Next McCarthy produced a copy of a confidential letter he claimed was a January 26, 1951 memo written and sent by FBI Director J. Edgar Hoover, to Major General Alexander R. Bolling, warning Army Intelligence of subversives in the Army Signal Corps. McCarthy claimed that Stevens willfully ignored it. Welch questioned the letter's validity. Robert Collier, assistant to Ray Jenkins, read a letter from Attorney General Herbert Brownell Jr., in which he stated that Hoover examined the document and that he neither wrote nor ordered the letter, and that no such copy existed in FBI files.
A portion of the hearings assessed the security risk of homosexuals in government. In an exchange between Senator McCarthy and Joseph Welch, Welch was questioning McCarthy staff member James Juliana about the unedited picture of Schine with Stevens and Bradley, asking him "Did you think this came from a Pixie?" McCarthy asked Welch to define what a pixie is. Welch replied: "I should say, Mr. Senator, that a pixie is a close relative of a fairy. Shall I proceed, sir? Have I enlightened you?"

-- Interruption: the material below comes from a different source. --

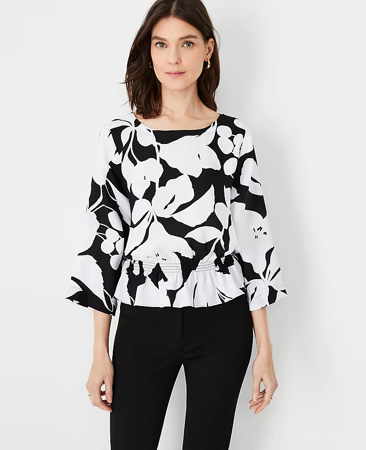 Cinched at the waist for a flattering fit, our wide sleeve top is flourished with artful florals. Boatneck. 3/4 sleeves. Smocked waist.

The hearings showed that Roy Cohn did take steps to request preferential treatment for Schine, going so far on at least one occasion to sign McCarthy's name without his knowledge on a request for Schine to have access to the Senators' Baths; a pool and steam room reserved exclusively for senators. McCarthy commented that Cohn was unreasonable in matters dealing with Schine, but it is unclear if Schine ever had a romantic or sexual relationship with Cohn, who was a closeted homosexual.
In the most dramatic exchange of the hearings,on June 9, 1954, day 30 of the hearings, Welch challenged Cohn to give McCarthy's list of 130 subversives in defense plants to the office of the FBI and the Department of Defense "before the sun goes down". In response to Welch's challenge, McCarthy suggested that Welch should check on Fred Fisher, a young lawyer in Welch's own Boston law firm whom Welch planned to have on his staff for the hearings. McCarthy then mentioned that Fisher had once belonged to the National Lawyers Guild (NLG), a group which Attorney General Brownell had called "the legal bulwark of the Communist Party". Welch said that he had confirmed Fisher's former membership in the National Lawyers' Guild approximately six weeks before the hearings started and had decided to send Fisher back to Boston. Welch then reprimanded McCarthy for his needless attack on Fisher, saying that "Until this moment, Senator, I think I never really gauged your cruelty or your recklessness." When McCarthy resumed his attack on Fisher, at Welch angrily interrupted him and said, "Let us not assassinate this lad further, Senator; you've done enough. Have you no sense of decency, sir? At long last, have you left no sense of decency?"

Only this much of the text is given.